■ Information provided:
----------
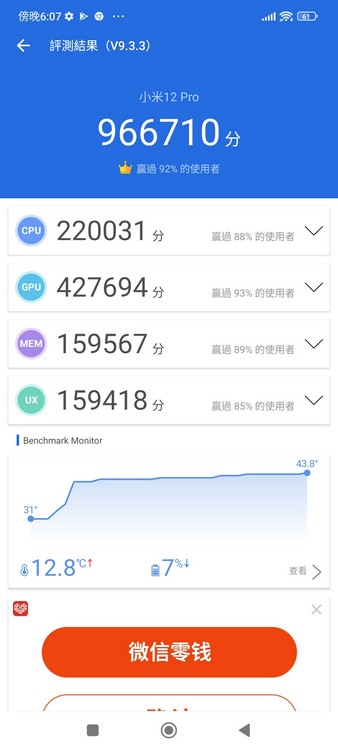 ▲Antutu 跑分成績約為 966710 分,屬今年 Android 機頂級規格
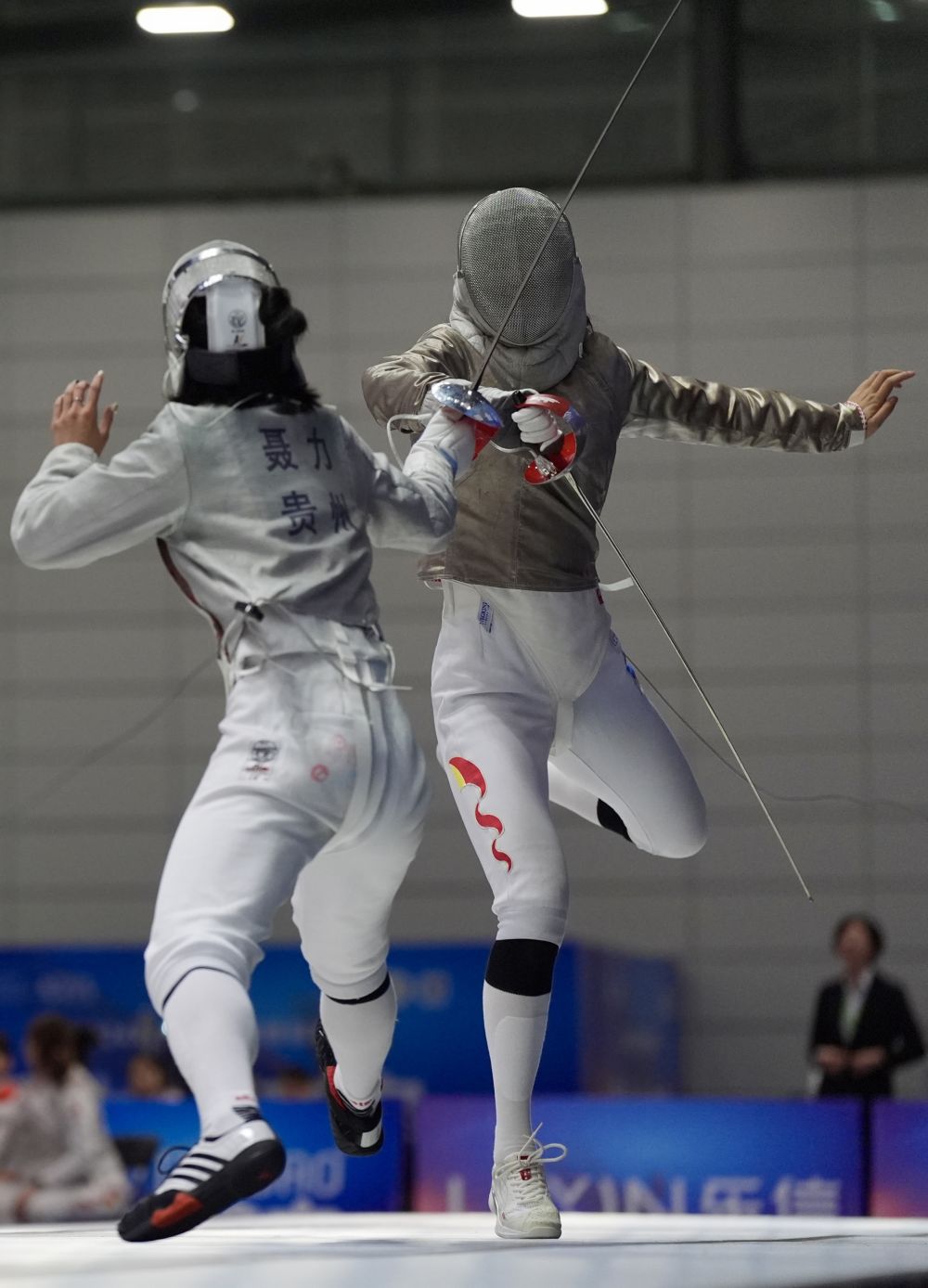 楊恒郁(右)在女佩團體決賽中
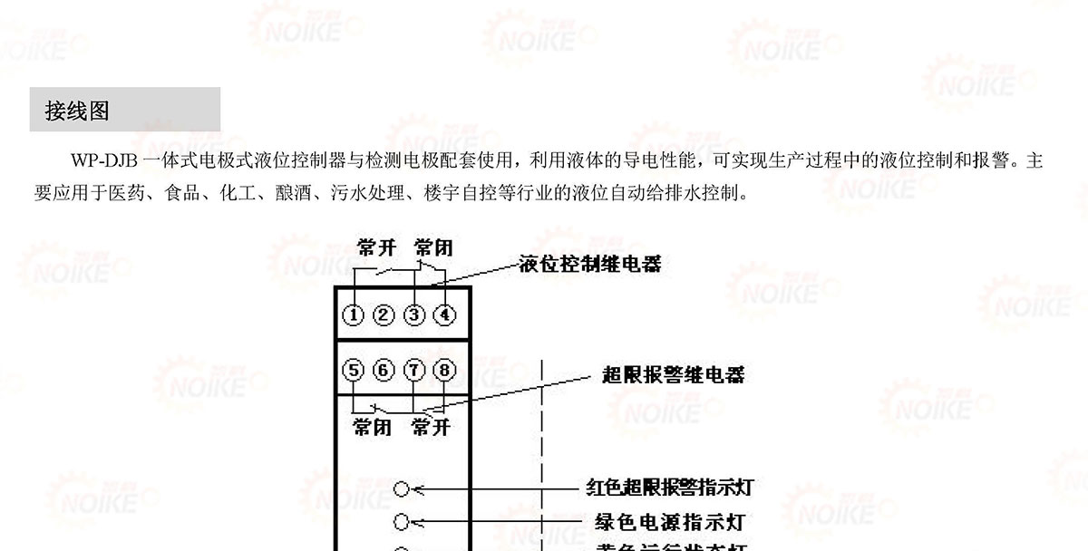 WP-DJC分體電極式液位控制器與檢測電極配套使用,利用液體的導(dǎo)電性能,可實(shí)現(xiàn)生產(chǎn)過程中的液位控制和報(bào)警。主要應(yīng)用于醫(yī)藥、食品、化工、釀酒、污水處理、樓宇自控等行業(yè)的液位自動給排水控制。
----------
■ How to complete this task: Could you give the material above again, exactly and without its pictures?

■ Answer section:
 ▲Antutu 跑分成績約為 966710 分,屬今年 Android 機頂級規格
 楊恒郁(右)在女佩團體決賽中
 WP-DJC分體電極式液位控制器與檢測電極配套使用,利用液體的導(dǎo)電性能,可實(shí)現(xiàn)生產(chǎn)過程中的液位控制和報(bào)警。主要應(yīng)用于醫(yī)藥、食品、化工、釀酒、污水處理、樓宇自控等行業(yè)的液位自動給排水控制。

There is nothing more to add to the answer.